YOUR OBJECTIVE = The result should be an exact copy of only the lines from the one with "MikuTools是在线工具" through the last line of the data below, with pictures omitted.

SUPPLIED MATERIAL =
=-=-=-=-=

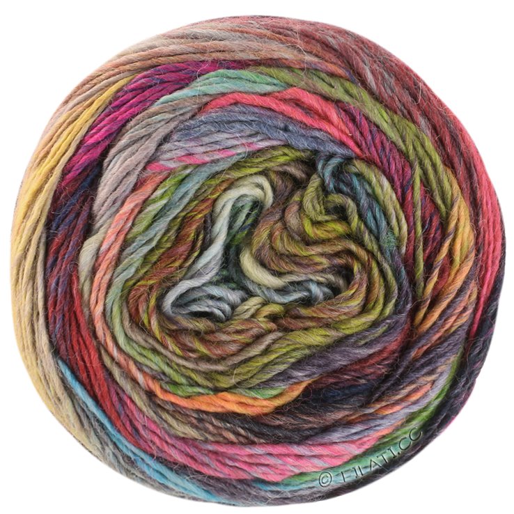Dette er noget så sjældent som en selvstribende garn i 100% merino uld. Normalt er selvstribende garner fulde af polyester eller akryl. Ikke at der er noget galt i det, men dette garn er altså egnet til dem, som gerne vil undgå kunststof. Man bliver fuldstændig bidt af at strikke med dette garn - især hvis man strikker det sammen med en anden selvstribende kvalitet som fx. Knitcol. Så får man et look som minder om det, du kan se i t-shirten Sea Glass tee af Wool and Pine på Ravelry, blot meget lettere, da man ikke hele tiden skal skifte farve fra maske til maske. Det er umuligt at stoppe igen, når man først er i gang, fordi hver pind byder på nye farvekombinationer. Strikker man Colorissimo alene, vil resultatet være tilfældige striber i farverne: neon pink og orange med klare mørke farver 07 eller neon pink og gul med pasteller 011.
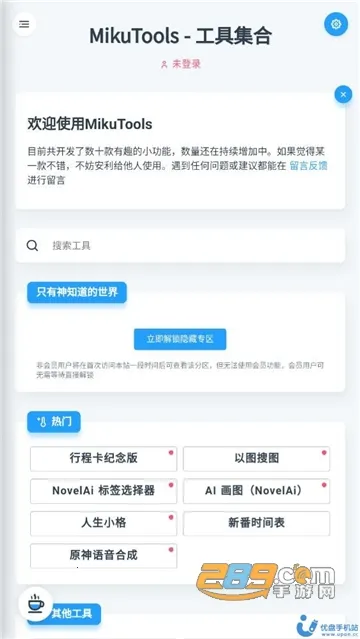 MikuTools是在线工具集合平台,开源跨平台无广告。提供视频下载、图像处理、文本转换、语音合成等超百种功能,涵盖多领域,界面简洁,支持跨平台访问与PWA离线使用,还可自定义设置。
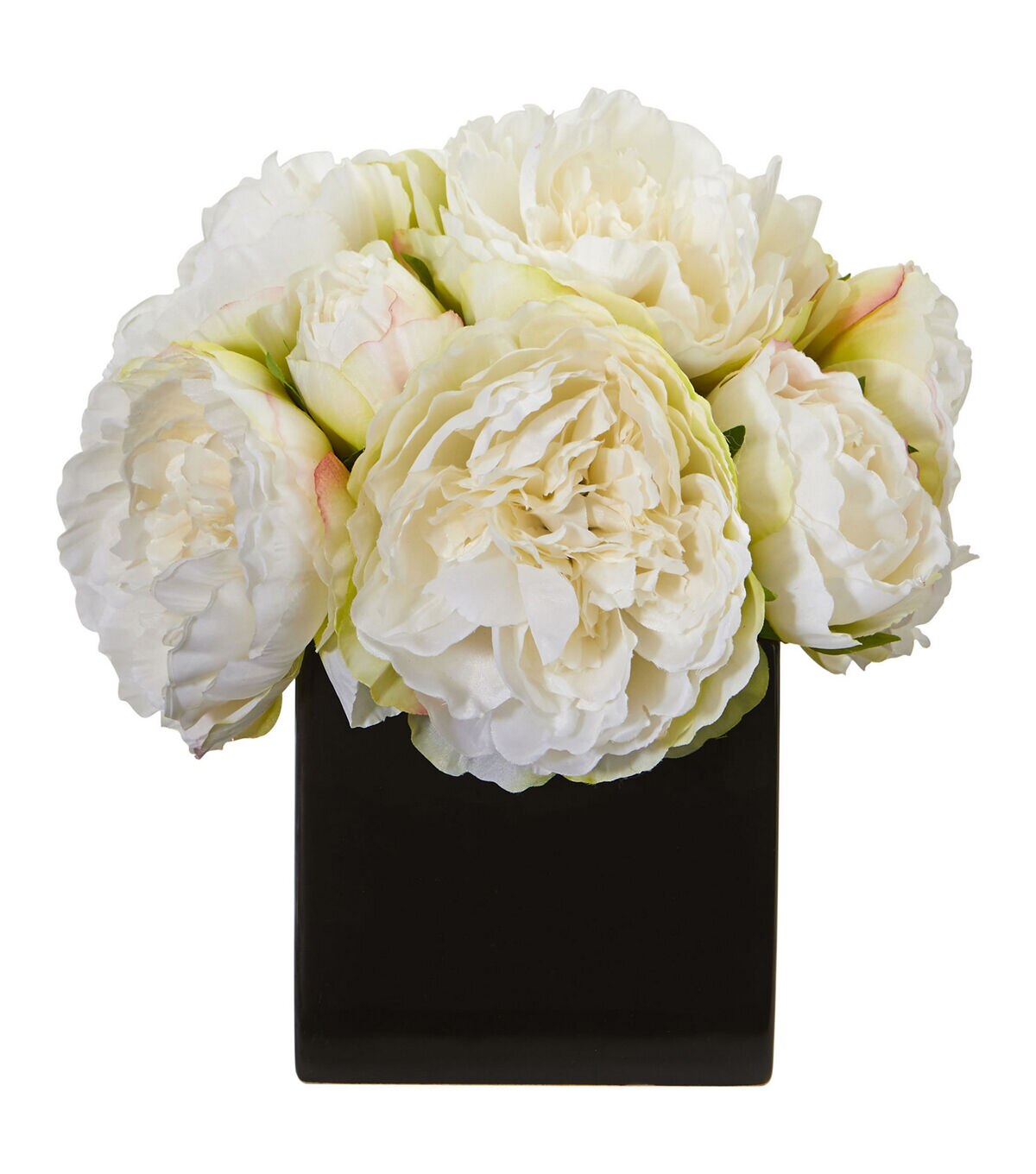Opt for a sweet centerpiece with this gorgeous arrangement of artificial peonies. Whimsical and romantic, this everlasting beauty flaunts flowers in full bloom that instantly give a sense of welcome wherever displayed. Nestled in an all black vase, they’re perfect for placing on top a bedside table.
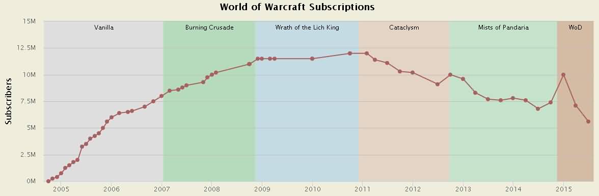 加上第一季度流失的290万付费用户,2015年上半年魔兽世界付费用户已流失440万。相比年初的1000万付费用户,累积降幅达44%!

=-=-=-=-=

SOLVED PROBLEM =
 MikuTools是在线工具集合平台,开源跨平台无广告。提供视频下载、图像处理、文本转换、语音合成等超百种功能,涵盖多领域,界面简洁,支持跨平台访问与PWA离线使用,还可自定义设置。
Opt for a sweet centerpiece with this gorgeous arrangement of artificial peonies. Whimsical and romantic, this everlasting beauty flaunts flowers in full bloom that instantly give a sense of welcome wherever displayed. Nestled in an all black vase, they’re perfect for placing on top a bedside table.
 加上第一季度流失的290万付费用户,2015年上半年魔兽世界付费用户已流失440万。相比年初的1000万付费用户,累积降幅达44%!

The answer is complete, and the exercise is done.